8 thoughts on “What’s special with commutators in the Weyl group of C5?”

  1. I hate to make such a trivial comment, but I’d like to point out that the fact that all elements are the product of two commutators follows from the fact that 120 is less than half of 960.

    For any subset S of a group G larger than half the group, one has S*S = G. As an example application, every residue modulo an odd prime is the sum of two squares.

  2. Of course! Thanks for pointing this out… It seems to be a simple fact I have trouble accepting, since someone else also reminded me of that a few months ago, in a different context. What is most amusing is that I’ve used the case of quadratic residues in number theory classes… (And my notes contain the clever variant with three subsets of Nikolov and Pyber…)

  3. Thanks, it’s quite interesting. I wonder if there’s a link between the minimal examples of order 96 and the one of order 960…

    1. I looked at the groups of order 96, and I don’t see how they could be related to the one I found.

      Out of curiosity I also looked at commutators in W_5 itself, and it turns out that all elements of the derived subgroup are commutators of elements in W_5

  4. Maybe the moment has passed, but I thought it might be worth making a few comments. Obviously you are interested in finite groups above, but commutators are very important in the theory of infinite groups too. The *commutator length* of an element (of the commutator subgroup) is the least number of commutators whose product is the given element, and the *commutator width* is the supremum of this number over all elements. In the world of infinite groups, the “typical” phenomenon is that commutator width is infinite. In fact, one can define the *stable commutator length* of an element g in [G,G] to be the limit of cl(g^n)/n. In a (nonabelian) free group F (in fact, in a torsion-free hyperbolic group), the stable commutator length of *every* element of [F,F] is positive – in fact, it is at least 1/2. Stable commutator length is closely related to 2-dimensional bounded cohomology, and has many interesting connections to geometry, dynamics, etc.; see eg. http://www.its.caltech.edu/~dannyc/scl/toc.html

    1. Thanks for the comments!
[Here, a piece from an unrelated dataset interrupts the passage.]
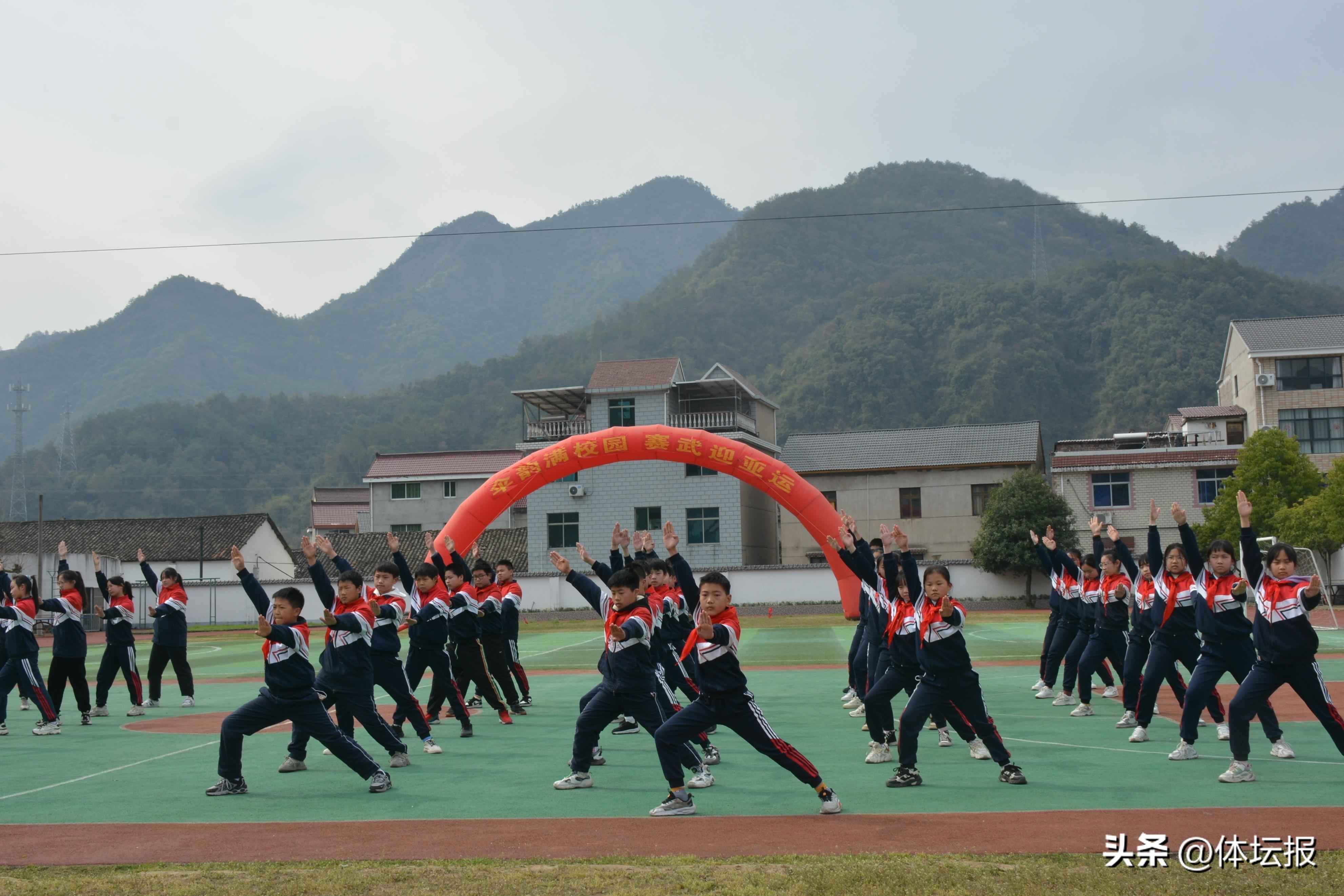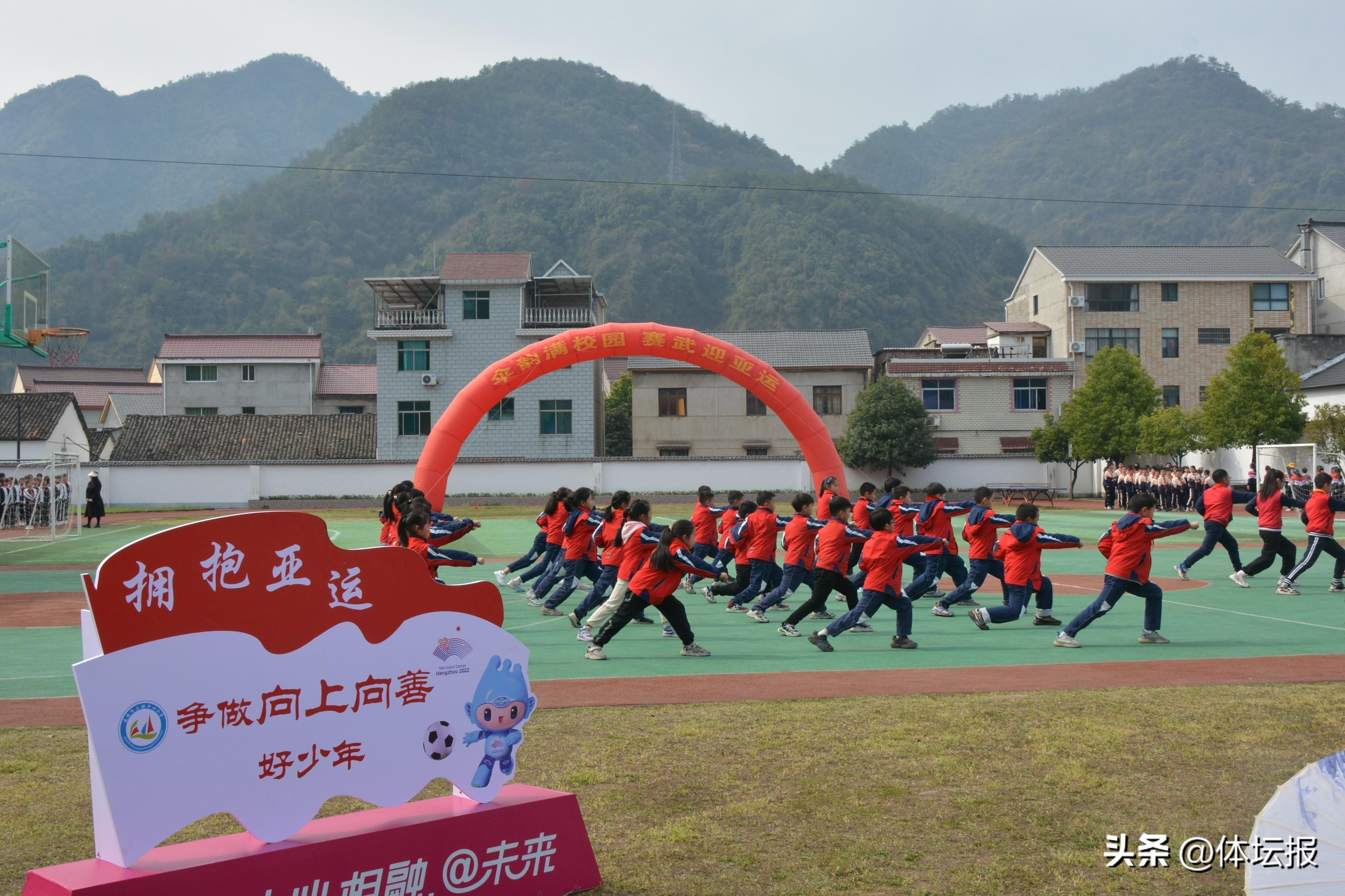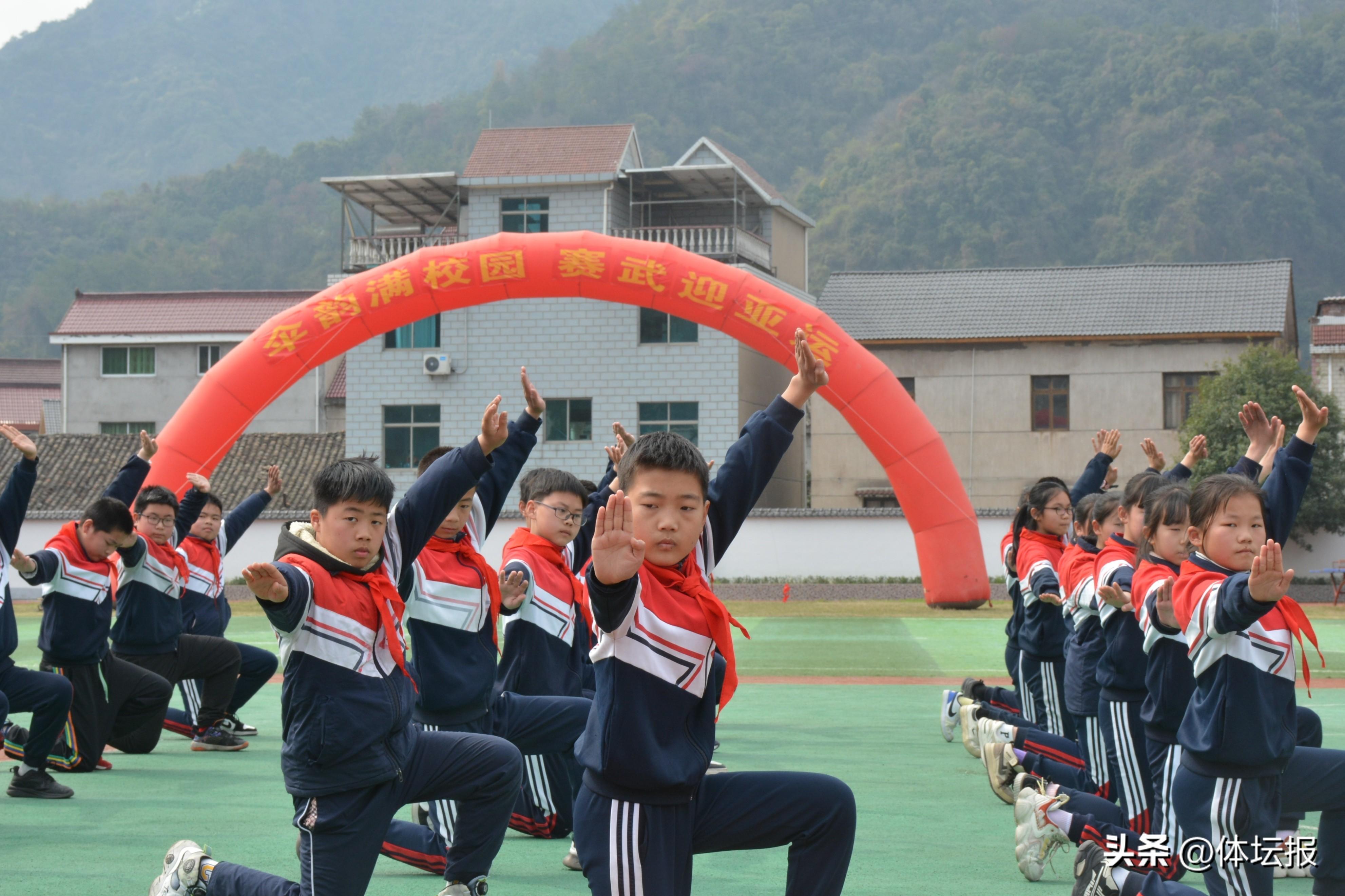 爲全力推進“武術進校園”,積極營造良好的武術文化氛圍,促進學生身心健康,營造亞運氛圍,2023年3月15日,建德市三都中心小學舉辦了“傘韻滿校園,賽武迎亞運”武術操比賽。

I’ve already seen talks on this (including one by you…) and since I like any quantitative aspects of interesting discrete groups, I certainly hope to learn more of this one day.

  5. It looks like group W_5 sutisfy condition (*) from paper I. M. Isaacs: Commutators and the Commutator Subgroup. The American Mathematical Monthly. Vol. 84, No. 9 (Nov., 1977), pp. 720-722 http://math.uga.edu/~pete/Isaacs77.pdf

    If it is so, the fact that its commutator subgroup contains noncommutator follows from Isaacs’s theorem.